Friday, August 23, 2013

Looking Back at the Baby Boom

The trend toward lower fertility rates seems like an inexorable long-run trend, in the U.S. and elsewhere. The U.S. total fertility rate--that is, the number of average births per woman--is about 2 right now, and the long-run projections published by Social Security Administration assume that it will hold at about 2.0 over the next 75 years or so.

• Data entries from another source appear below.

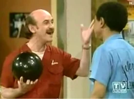 | Gil Cunningham, taunting George before their teams compete for the big trophy in the annual bowling tournament in Season 7. | ||||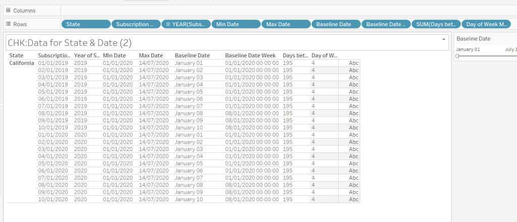Add Baseline Date to the Filter shelf, choose Range of Dates , and by default the dates 01 Jan 2020 to 14 Jul 2020 should be displayed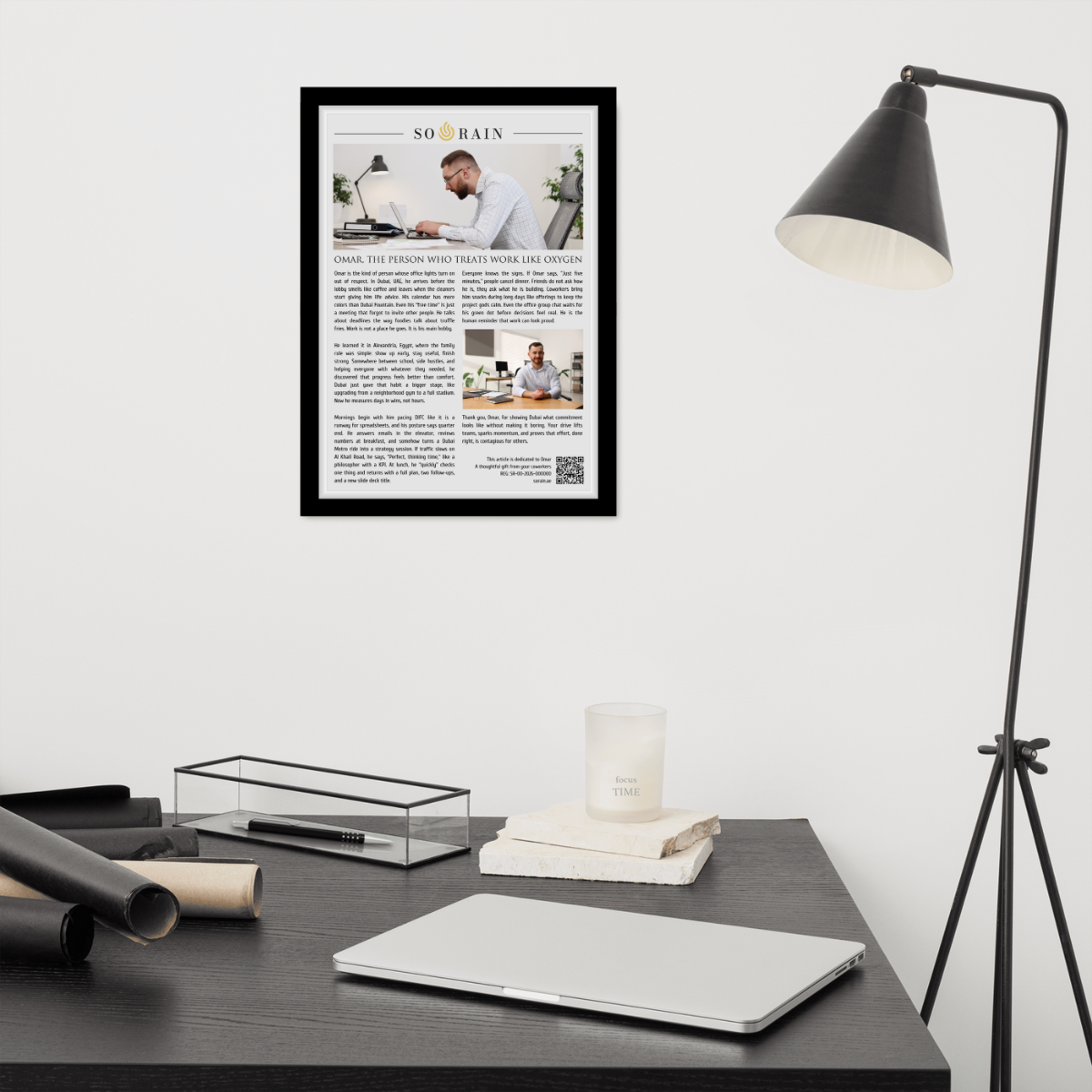Here is how it works. You tell us a few details about their work habits, their role, and the little things everyone notices. We write a personalized editorial style article that sounds like it was written for them, not for the internet. Before anything is produced, you get to review the draft and request changes, so the final piece feels accurate and personal. Once approved, the article is professionally printed, framed, and delivered in the UAE, ready to hang in an office or at home.

But I recently saw a graph that raised my eyebrows. Here is the fertility rate for US women (albeit only for white women for the early part of the time period) going back to 1800, taken from a report done for the Social Security Administration.  If you were making projections about fertility rates in about 1940, and you had access to this data, you might have predicted that the rate of decline would level off. But it would have taken a brash forecaster indeed to predict the fertility bump that we call the "baby boom."


Two thoughts here:

1) The baby boom was a remarkable demographic anomaly. It gave the U.S. economy a "demographic dividend" in the form of a higher-than-otherwise proportion of working-age adults for a time. But the aging of the boomers is already leading to financial tensions for government programs like Medicare and Social Security.

2) There's really no evidence at all that another baby boom might happen: but then, there was no evidence that the first one was likely to happen either. Someone who is wiser and smarter than I about social trends--perhaps a science fiction writer--might be able to offer some interesting speculation about what set of factors and events could lead to a new baby boom.